Russia Responds In Kind To US Magnitsky List -- BBC
Russia has published a list of 18 US officials barred from the country, in response to a similar US list published by the US Treasury on Friday.
A statement described the US move as a severe blow to relations, and said blackmail could not be ignored.
The US published its list under an act named after Russian lawyer Sergei Magnitsky who died in jail in 2009 in disputed circumstances.
It includes officials who jailed him after he accused them of corruption.
But senior officials from President Vladimir Putin's entourage who had been expected to be included were left off, including Russia's top police official Alexander Bastrykin.
Russia's list, announced by the foreign ministry, includes two former Bush administration officials who are said to have advocated harsh interrogation techniques and two former commanders of the detention centre at Guantanamo Bay.
David Addington, chief of staff to former Vice-President Dick Cheney is one of them.
The other 14 were named as having violated the rights of Russian citizens abroad.
"The war of lists is not our choice, but we cannot ignore outright blackmail," a statement from the Russian ministry said.
"It's time for Washington politicians to finally understand that there are no prospects in building relations with a country like Russia with the spirit of mentoring and undisguised dictating."
Itar-Tass news agency quoted Deputy Foreign Minister Sergei Ryabkov as saying there was also a secret section to the list with more names, as the US list had.

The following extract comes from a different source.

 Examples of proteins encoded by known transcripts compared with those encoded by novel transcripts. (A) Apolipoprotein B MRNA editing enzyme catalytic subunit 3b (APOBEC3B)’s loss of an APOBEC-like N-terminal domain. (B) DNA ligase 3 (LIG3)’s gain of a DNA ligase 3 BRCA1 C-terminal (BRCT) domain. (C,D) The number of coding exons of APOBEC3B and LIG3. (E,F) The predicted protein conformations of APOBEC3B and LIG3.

A Russian law barring Americans from adopting Russian orphans, regarded as a response to the US law, has already been passed.
Visit overshadowed
The final US list published on Friday included people born in Russia, Ukraine, Azerbaijan and Uzbekistan, 16 of them linked to the Magnitsky case. Some 250 names had originally been put forward by US politicians.
The others are officials deemed to have participated in recent Kremlin moves to restrict Russians' political rights.

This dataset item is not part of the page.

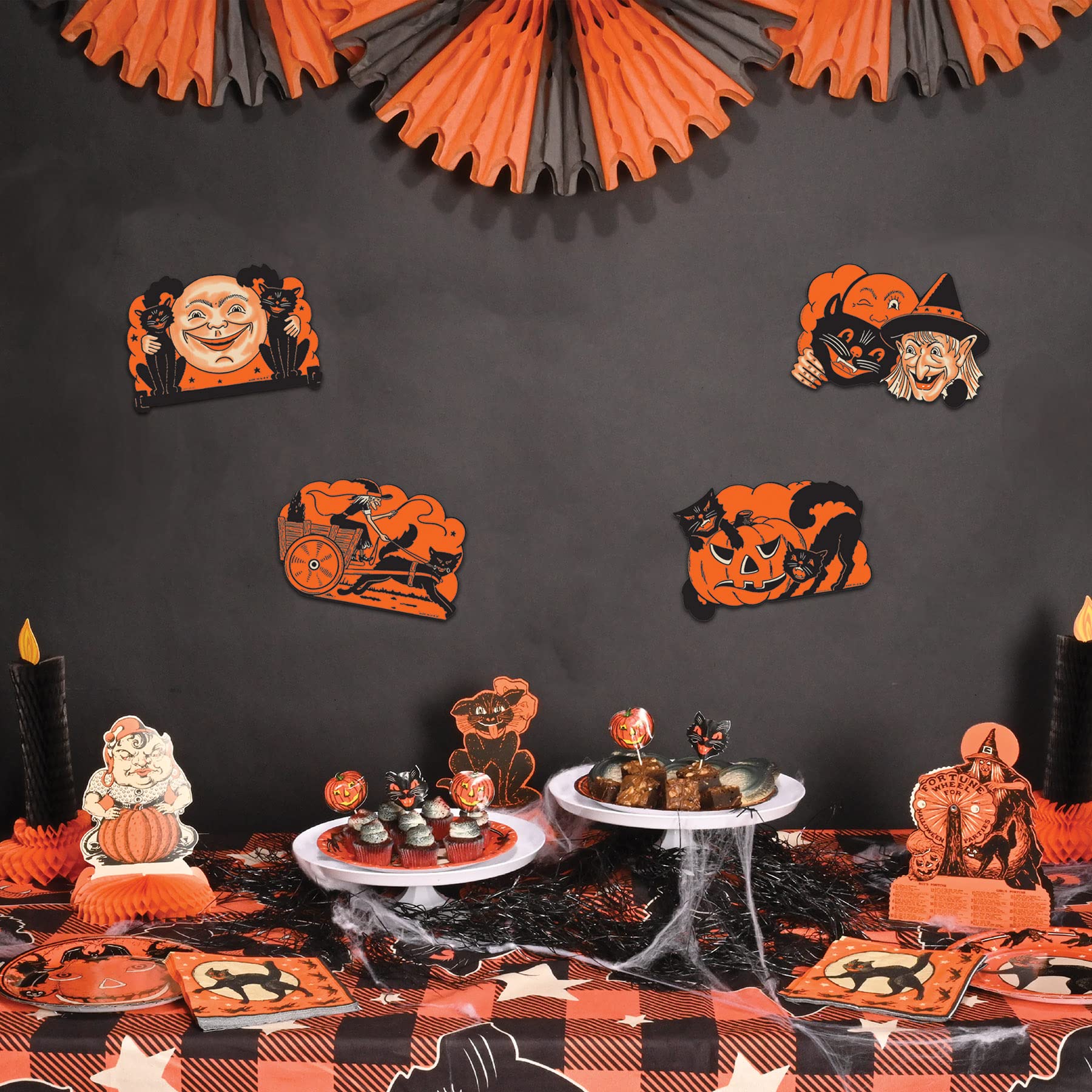 • FOUR VINTAGE HALLOWEEN CUTOUTS: Set includes four nostalgic designs featuring a witch full moon pumpkin and black cats drawn from classic Beistle illustrations

Mr Magnitsky was arrested in 2008 for tax evasion after accusing Russian police officials of stealing US $230m (£150m) from the state through fraudulent tax rebates. His family and rights groups say he was badly beaten and denied medical treatment in custody.
The Magnitsky Act passed by Washington in 2012 blacklists Russian officials accused of involvement in his death. All the names on the list had until Friday been kept secret.
Those affected by the American measures have had their US accounts frozen and have been added to a list of people who will be denied US entry visas. Some European nations are taking similar measures.
Correspondents say that the argument threatens to cast a shadow over a visit to Russia by President Obama's National Security adviser Tom Donilon, who is to hold high-level talks in Moscow on Monday.
The posthumous trial of Mr Magnitsky - who died aged 37 in pre-trial detention after developing pancreatitis - opened in Moscow in March but was adjourned shortly afterwards.
Legal experts say they are unaware of any precedents for the trial of a dead man in Russian history.